Ia langsung tancap gas pulang ke komplek dan berganti baju. Setelah itu, ia buru-buru pergi ke belakang kamar. Ia mengambil sebuah ember bekas cat kiloan. Ember tersebut sarat akan baju kotor. Ada baju seragam sekolah, beberapa kain sarung, selimut, dan celana dalam.
Setelah memastikan baju kotornya lengkap dan semua alat cuci terbawa, ia langsung pergi ke tempat pencucian baju yang terletak di dekat kamar mandi. Tempat itu berupa bak air panjang yang di kanan-kirinya terdapat sebidang tanah yang dikeramik.
Kendati telah buru-buru pulang dari masjid selepas tahlilan, nyatanya Mudrikah tidak mendapatkan tempat untuk mencuci. Tempat pencucian baju telah penuh sesak dipadati santri. Di belakang dan kanan-kiri santri yang sedang mencuci juga sudah terparkir banyak ember yang sarat akan baju kotor. Ember-ember tersebut adalah perwakilan pemiliknya yang sedang mengantre tempat untuk mencuci.
“Masa aku harus mengantre sebelum Subuh, sih?!” gerutu Mudrikah di samping kamar mandi.

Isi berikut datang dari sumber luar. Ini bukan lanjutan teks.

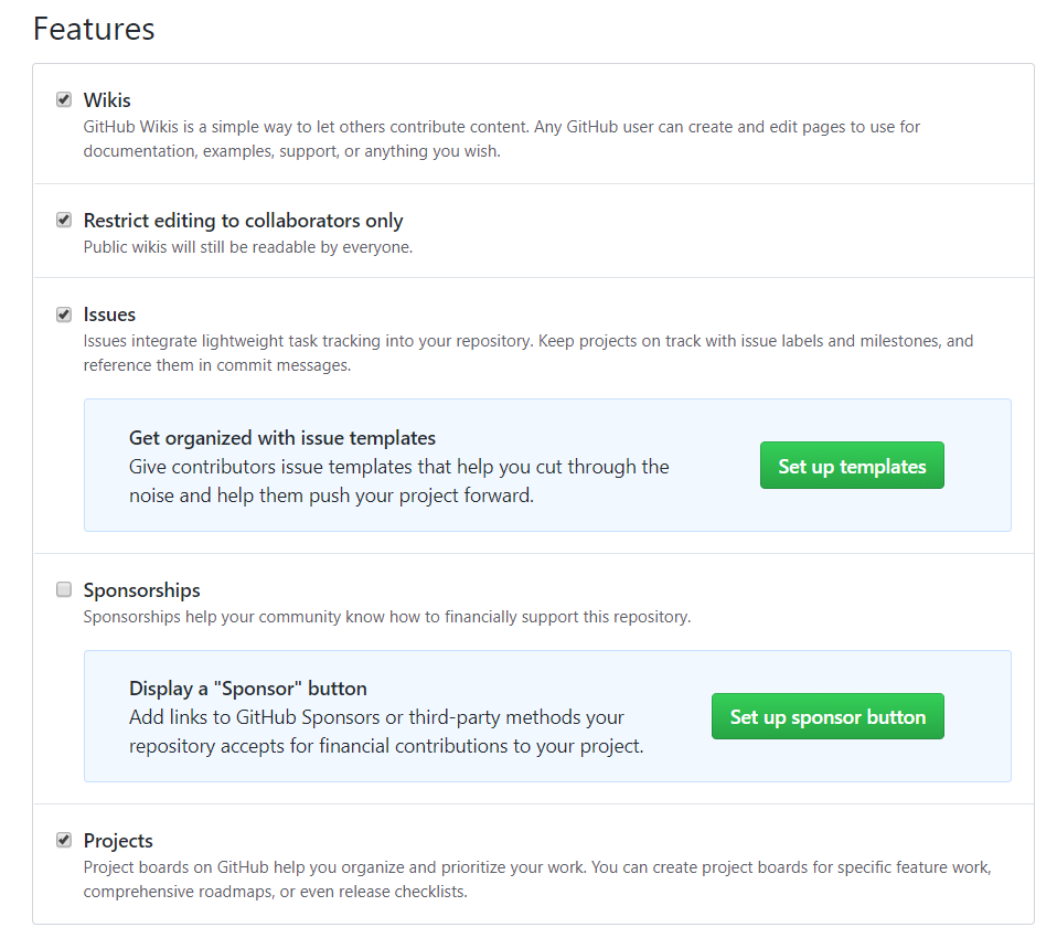 ここまでできたらついでにIssue Templateの設定もしておくとIssue登録する際に「アレ?AutolinkのPrefixなんだっけ?」にならないので親切ですね。ユーザー目線を忘れないようにしましょう。Issue Templateの設定は[setting] → [Options]の半ばにあります。「Set up templates」ボタンから行きましょう。
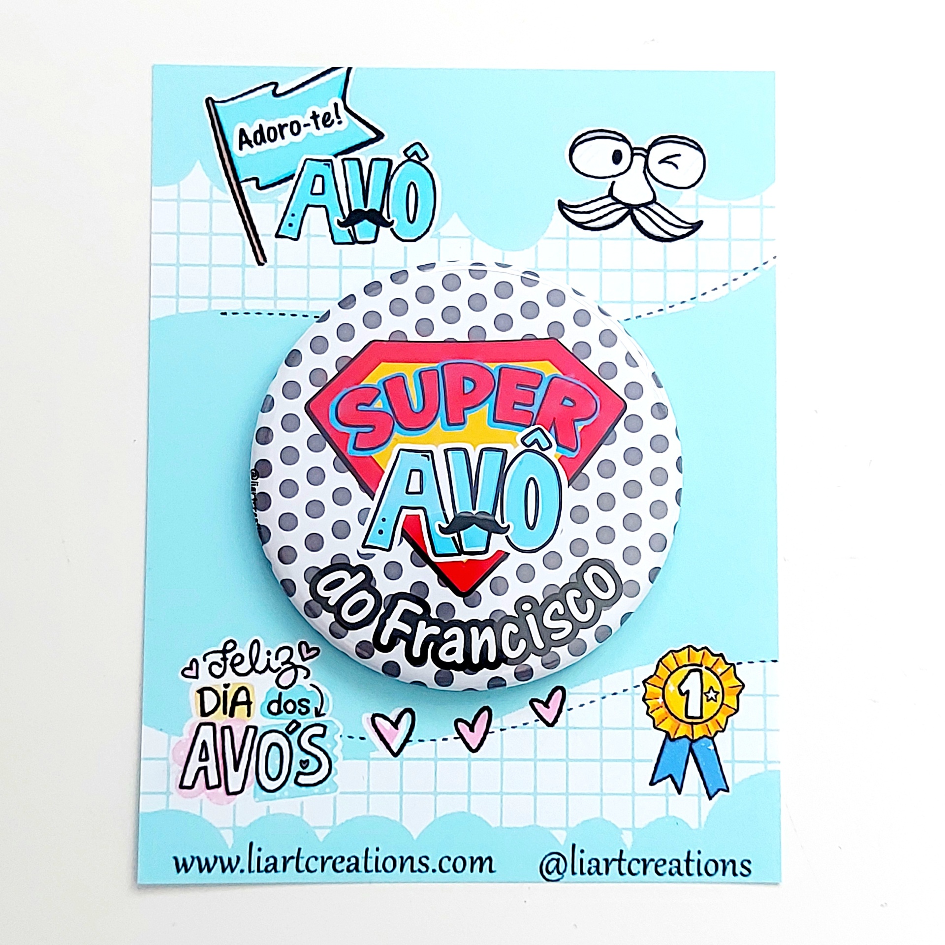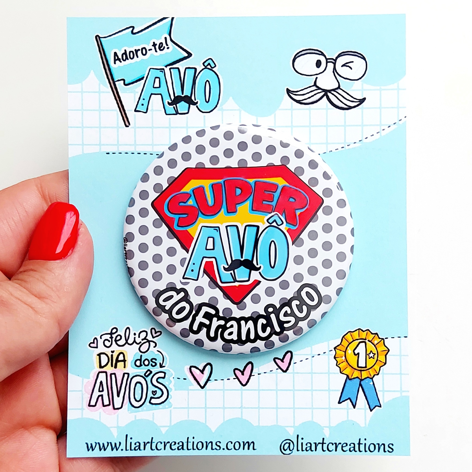 Home Avós Iman personalizado "Super Avô" Iman personalizado "Super Avô" SKU: IMNA04 5,00 € Desconto de %. IVA incluído. Adicionar Contactar Adicionar à wishlist Iman personalizado "Super Avô" Medida: 59mm PRAZO DE PRODUÇÃO/EXPEDIÇÃO: 5 dias úteis. Nota: o cartão que acompanha o iman poderá ser diferente, caso a encomenda seja feita numa época diferente da data comemorativa do dia dos avós. Partilhar
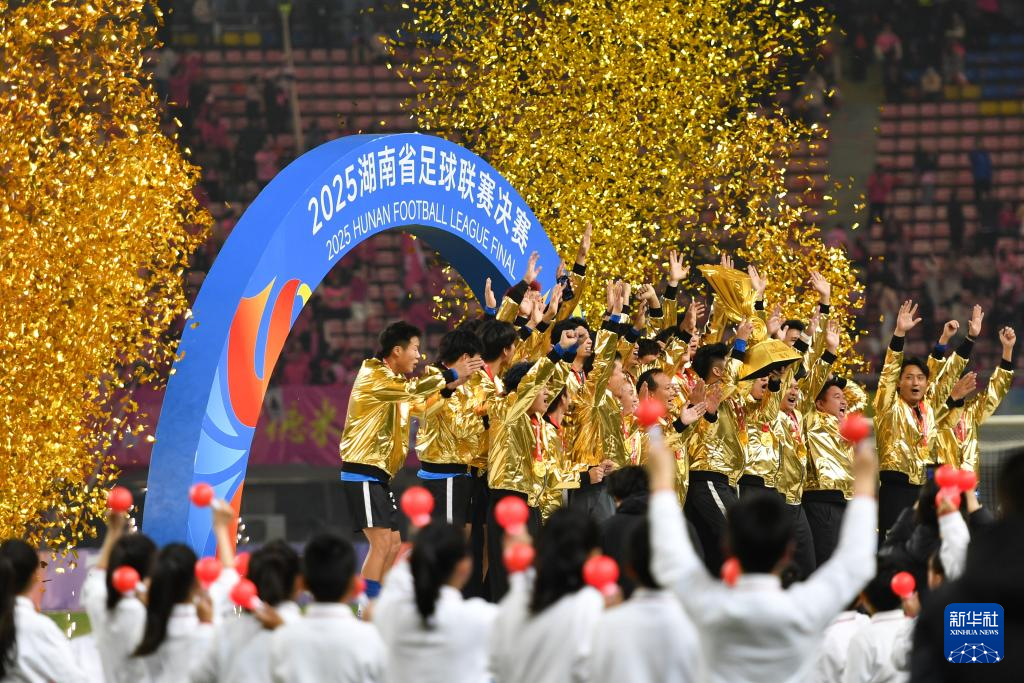 当日,在湖南长沙贺龙体育场举行的2025湖南省足球联赛(“湘超”)决赛中,永州队1比0战胜常德队,夺得冠军。

Ia kesal bukan main karena mendapati antrean panjang untuk mencuci baju. Ia juga menyesal karena tidak mencicil untuk mencuci baju kotornya setiap hari. Padahal ia sudah tahu betul bahwa hari Jumat yang merupakan hari libur adalah waktu favorit bagi santri untuk mencuci. Namun, ia masih nekat mencuci pada hari tersebut.
Ia mengantre dengan pikiran yang gondok dan mata yang perih. Ia kurang tidur tadi malam. Keadaan juga diperparah dengan perutnya yang kosong melompong. Mudrikah yang sudah senewen, meninggalkan antrean dan berjalan menyusuri koridor kamar mandi yang panjang. Ia tak tahu apa yang hendak ia perbuat.